We can now plot the unintegrated and the integrated space reduced dimensions.

fig, axs = plt.subplots(2, 2, figsize=(10,8),constrained_layout=True)
sc.pl.tsne(adata, color="sample", title="Harmony tsne", ax=axs[0,0], show=False)
sc.pl.tsne(adata_combat, color="sample", title="Combat tsne", ax=axs[0,1], show=False)
sc.pl.umap(adata, color="sample", title="Harmony umap", ax=axs[1,0], show=False)
sc.pl.umap(adata_combat, color="sample", title="Combat umap", ax=axs[1,1], show=False)
<Axes: title={'center': 'Combat umap'}, xlabel='UMAP1', ylabel='UMAP2'>

Let’s save the integrated data for further analysis.

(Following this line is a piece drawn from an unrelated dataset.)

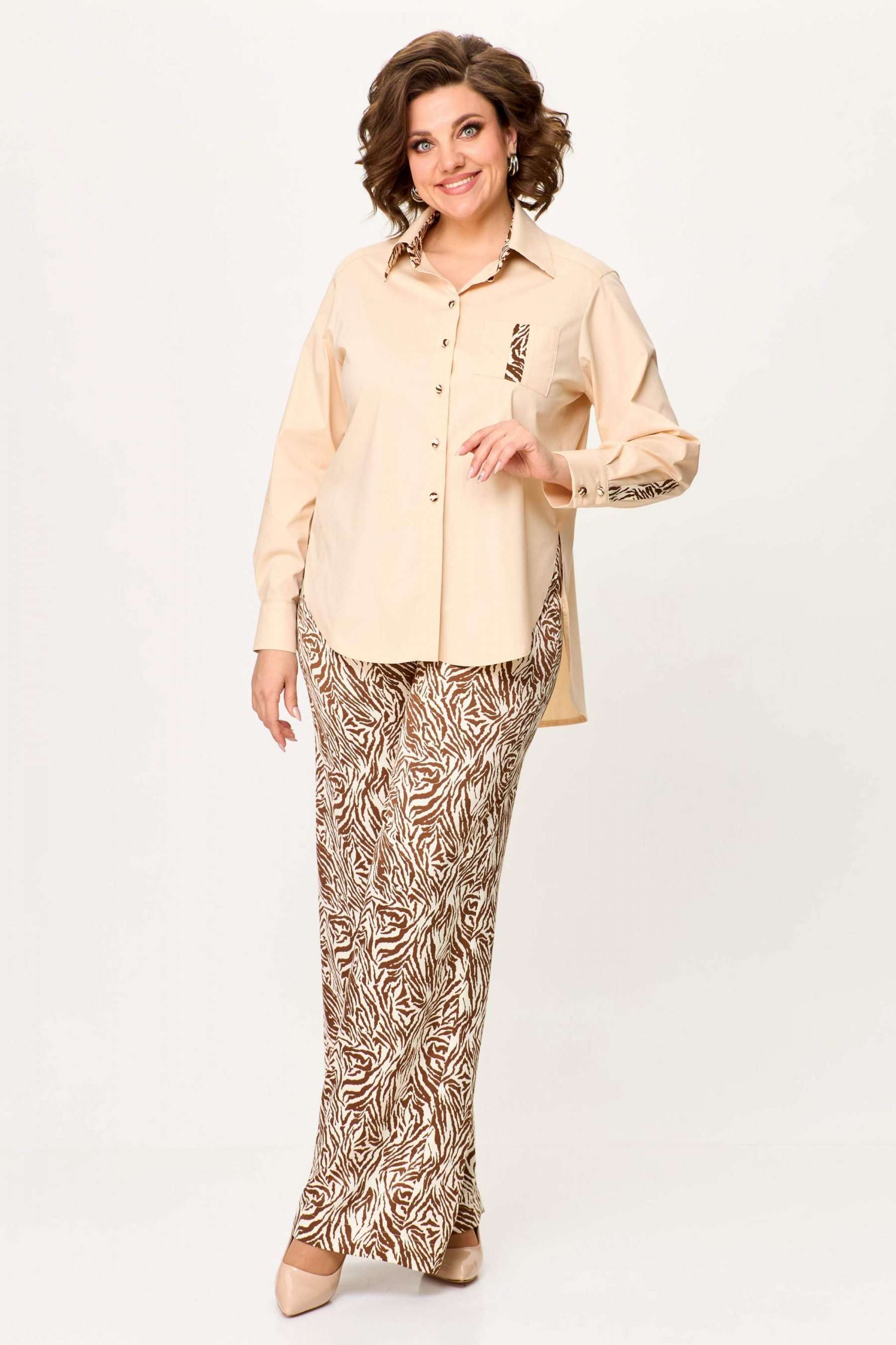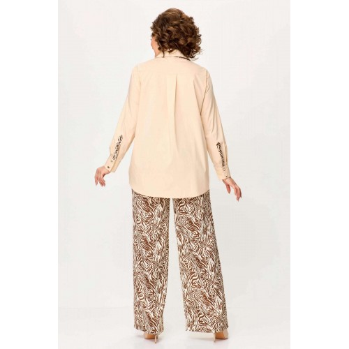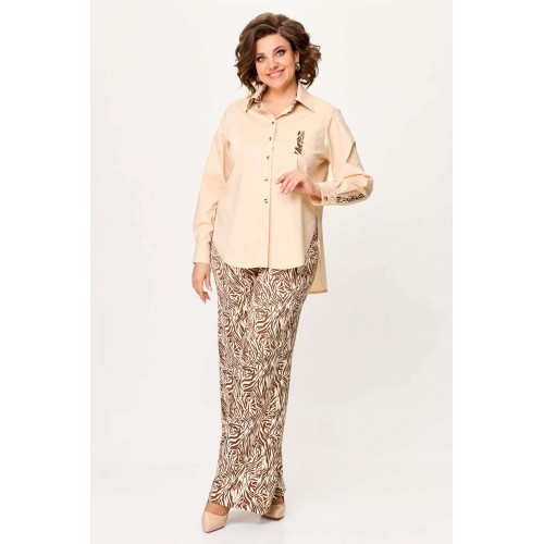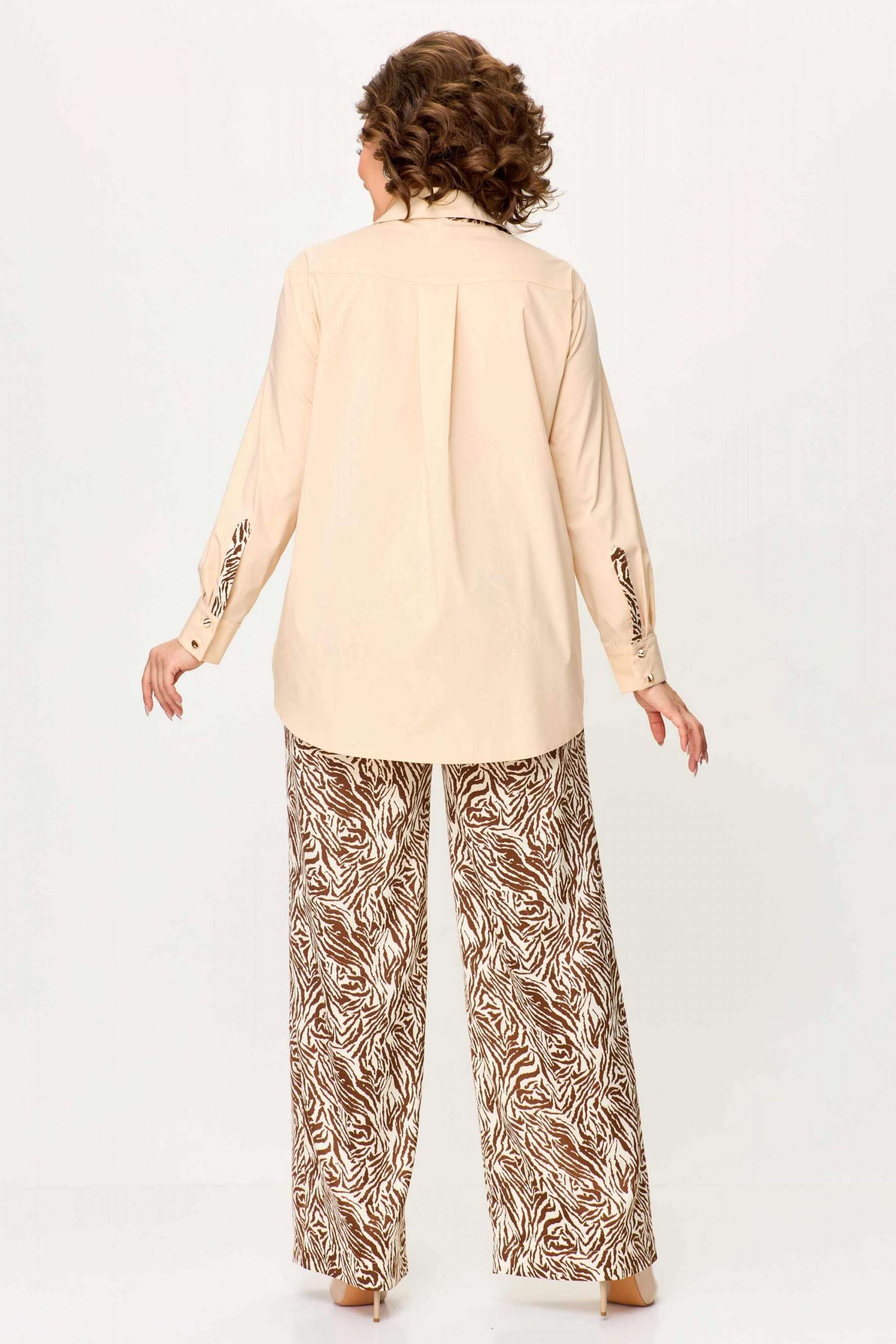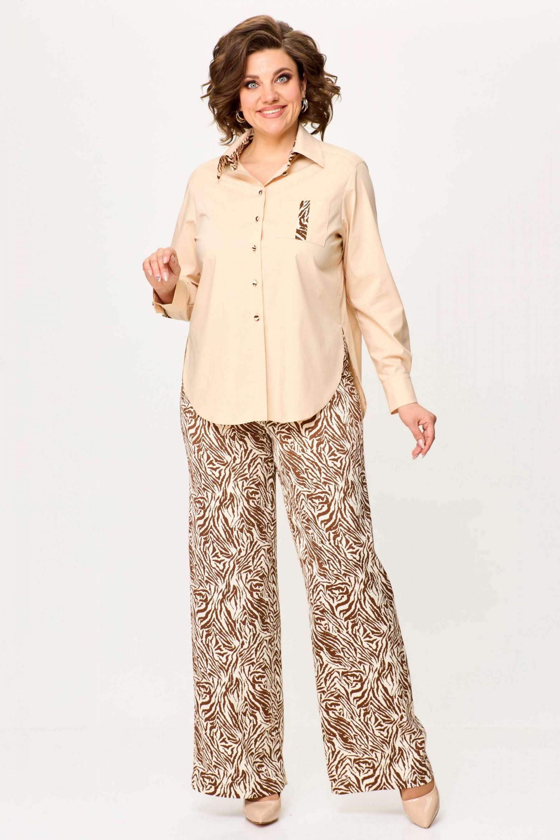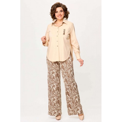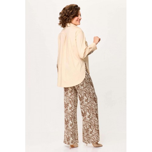 Стильный женский комплект выполнен из рубашки и брюк. Рубашка выполнена из хлопка с содержанием эластана. Рубашка свободного силуэта с застежкой на петли м декоративные пуговицы. С левой стороны на уровне груди накладной карман с отделкой. Горловина с рубашечным воротником на стойке, нижняя стойка и воротник из отделочной ткани. Рукава длинные с притачным манжетом и шлицей, шлица из отделочной ткани. Брюки из струящейся ткани с принтом «зебра», расширенные от линии бедер. Верх брюк на резинке. Длина рубашки – 76 см. Длина рукава – 58 см. Длина брюк – 113 см.

# Add the dimred to the other adata object
adata.obsm['X_umap_combat'] = adata_combat.obsm['X_umap']
adata.obsm['X_tsne_combat'] = adata_combat.obsm['X_tsne']
adata.obsm['X_pca_combat'] = adata_combat.obsm['X_pca']

#save to file
save_file = './data/covid/results/scanpy_covid_qc_dr_combat.h5ad'
adata_combat.write_h5ad(save_file)

6 Scanorama

Try out Scanorama for data integration as well. First we need to create individual AnnData objects from each of the datasets.

OBS! There is a function sc.external.pp.scanorama_integrate implemented in the scanpy toolkit. However, it runs scanorama on the PCA embedding and does not give us nice results when we have tested it, so we are not using it here.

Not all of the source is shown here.